• **Exercise**:
From the listing below, copy only the lines running from the line that contains "Bringing the raucous" to the line that contains "Medical | Ex- Pak |", both included.

Segment Start: Data extracts

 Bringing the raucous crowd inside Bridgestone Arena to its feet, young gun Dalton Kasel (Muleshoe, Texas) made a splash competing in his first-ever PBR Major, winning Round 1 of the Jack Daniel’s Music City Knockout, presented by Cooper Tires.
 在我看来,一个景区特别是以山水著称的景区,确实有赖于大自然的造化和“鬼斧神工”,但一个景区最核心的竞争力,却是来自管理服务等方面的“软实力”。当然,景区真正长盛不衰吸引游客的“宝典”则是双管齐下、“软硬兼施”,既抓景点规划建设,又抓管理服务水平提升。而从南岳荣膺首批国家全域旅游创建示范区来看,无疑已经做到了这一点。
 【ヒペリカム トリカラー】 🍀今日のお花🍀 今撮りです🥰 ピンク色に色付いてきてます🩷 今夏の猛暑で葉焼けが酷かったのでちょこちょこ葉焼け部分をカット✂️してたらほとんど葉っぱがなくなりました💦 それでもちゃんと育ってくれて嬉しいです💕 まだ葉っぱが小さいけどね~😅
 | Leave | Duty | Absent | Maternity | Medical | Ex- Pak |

Segment End: Data extracts
Segment Start: Data extracts

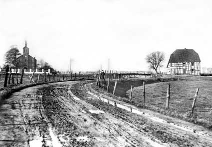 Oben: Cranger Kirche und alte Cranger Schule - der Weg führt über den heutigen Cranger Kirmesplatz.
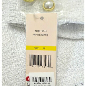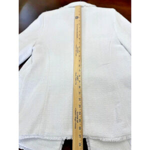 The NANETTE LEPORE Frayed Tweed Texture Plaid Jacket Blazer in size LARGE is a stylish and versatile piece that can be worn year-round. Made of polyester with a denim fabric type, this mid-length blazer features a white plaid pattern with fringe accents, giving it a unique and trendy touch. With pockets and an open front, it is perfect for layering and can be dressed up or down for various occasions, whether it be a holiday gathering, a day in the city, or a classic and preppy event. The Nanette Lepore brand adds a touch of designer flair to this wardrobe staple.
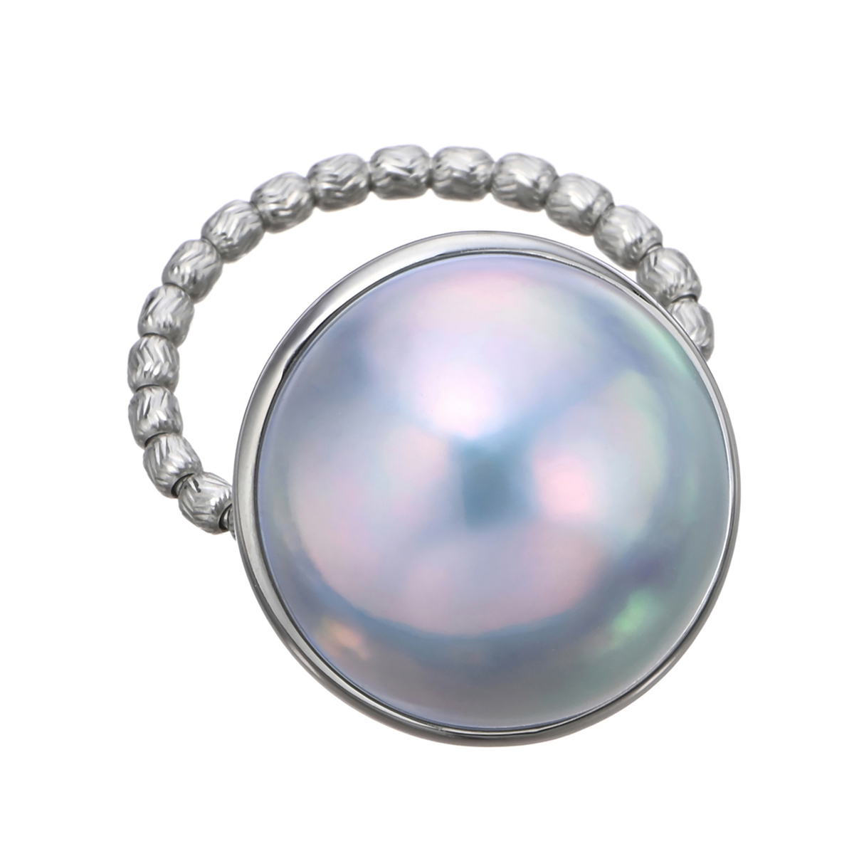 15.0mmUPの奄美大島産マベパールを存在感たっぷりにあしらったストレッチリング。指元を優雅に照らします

Segment End: Data extracts
Segment Start: Data extracts

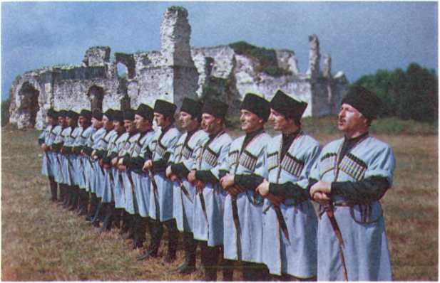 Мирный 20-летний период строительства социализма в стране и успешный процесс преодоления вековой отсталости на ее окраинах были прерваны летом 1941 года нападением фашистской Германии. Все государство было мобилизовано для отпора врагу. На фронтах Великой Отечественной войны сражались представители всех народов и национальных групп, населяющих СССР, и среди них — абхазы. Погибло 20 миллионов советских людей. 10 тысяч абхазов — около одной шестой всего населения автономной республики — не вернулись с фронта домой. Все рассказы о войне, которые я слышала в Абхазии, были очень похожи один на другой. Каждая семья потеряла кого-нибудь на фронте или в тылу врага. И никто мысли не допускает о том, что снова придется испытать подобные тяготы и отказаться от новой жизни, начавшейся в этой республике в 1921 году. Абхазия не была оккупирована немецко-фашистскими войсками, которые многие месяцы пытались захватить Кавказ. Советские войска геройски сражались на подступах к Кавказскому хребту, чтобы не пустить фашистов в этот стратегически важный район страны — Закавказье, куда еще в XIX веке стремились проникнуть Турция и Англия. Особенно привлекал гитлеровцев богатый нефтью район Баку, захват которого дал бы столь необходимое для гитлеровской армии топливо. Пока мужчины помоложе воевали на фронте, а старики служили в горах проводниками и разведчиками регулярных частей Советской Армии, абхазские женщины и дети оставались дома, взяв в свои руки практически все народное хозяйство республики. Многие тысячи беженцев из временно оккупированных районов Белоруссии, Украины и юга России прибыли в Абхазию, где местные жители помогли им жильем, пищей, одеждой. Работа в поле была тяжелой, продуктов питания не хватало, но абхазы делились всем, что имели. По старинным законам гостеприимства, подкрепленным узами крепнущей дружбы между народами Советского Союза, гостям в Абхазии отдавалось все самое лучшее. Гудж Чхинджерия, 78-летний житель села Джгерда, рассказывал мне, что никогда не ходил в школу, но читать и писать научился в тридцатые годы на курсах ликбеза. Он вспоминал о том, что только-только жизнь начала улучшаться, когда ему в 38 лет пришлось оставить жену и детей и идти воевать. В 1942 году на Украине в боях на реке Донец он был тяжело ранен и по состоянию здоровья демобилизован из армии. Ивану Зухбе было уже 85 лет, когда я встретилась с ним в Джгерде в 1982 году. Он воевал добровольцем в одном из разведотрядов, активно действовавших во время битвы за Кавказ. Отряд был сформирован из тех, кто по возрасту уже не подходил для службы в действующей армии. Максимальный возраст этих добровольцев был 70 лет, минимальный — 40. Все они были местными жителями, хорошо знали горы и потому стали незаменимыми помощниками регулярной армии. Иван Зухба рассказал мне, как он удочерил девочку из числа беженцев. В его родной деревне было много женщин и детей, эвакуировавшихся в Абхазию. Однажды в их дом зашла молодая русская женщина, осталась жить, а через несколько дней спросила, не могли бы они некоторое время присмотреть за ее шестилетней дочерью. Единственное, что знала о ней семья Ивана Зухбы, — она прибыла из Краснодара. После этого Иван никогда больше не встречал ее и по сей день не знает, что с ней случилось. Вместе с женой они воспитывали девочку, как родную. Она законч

Segment End: Data extracts

• **The completed task**:
 Bringing the raucous crowd inside Bridgestone Arena to its feet, young gun Dalton Kasel (Muleshoe, Texas) made a splash competing in his first-ever PBR Major, winning Round 1 of the Jack Daniel’s Music City Knockout, presented by Cooper Tires.
 在我看来,一个景区特别是以山水著称的景区,确实有赖于大自然的造化和“鬼斧神工”,但一个景区最核心的竞争力,却是来自管理服务等方面的“软实力”。当然,景区真正长盛不衰吸引游客的“宝典”则是双管齐下、“软硬兼施”,既抓景点规划建设,又抓管理服务水平提升。而从南岳荣膺首批国家全域旅游创建示范区来看,无疑已经做到了这一点。
 【ヒペリカム トリカラー】 🍀今日のお花🍀 今撮りです🥰 ピンク色に色付いてきてます🩷 今夏の猛暑で葉焼けが酷かったのでちょこちょこ葉焼け部分をカット✂️してたらほとんど葉っぱがなくなりました💦 それでもちゃんと育ってくれて嬉しいです💕 まだ葉っぱが小さいけどね~😅
 | Leave | Duty | Absent | Maternity | Medical | Ex- Pak |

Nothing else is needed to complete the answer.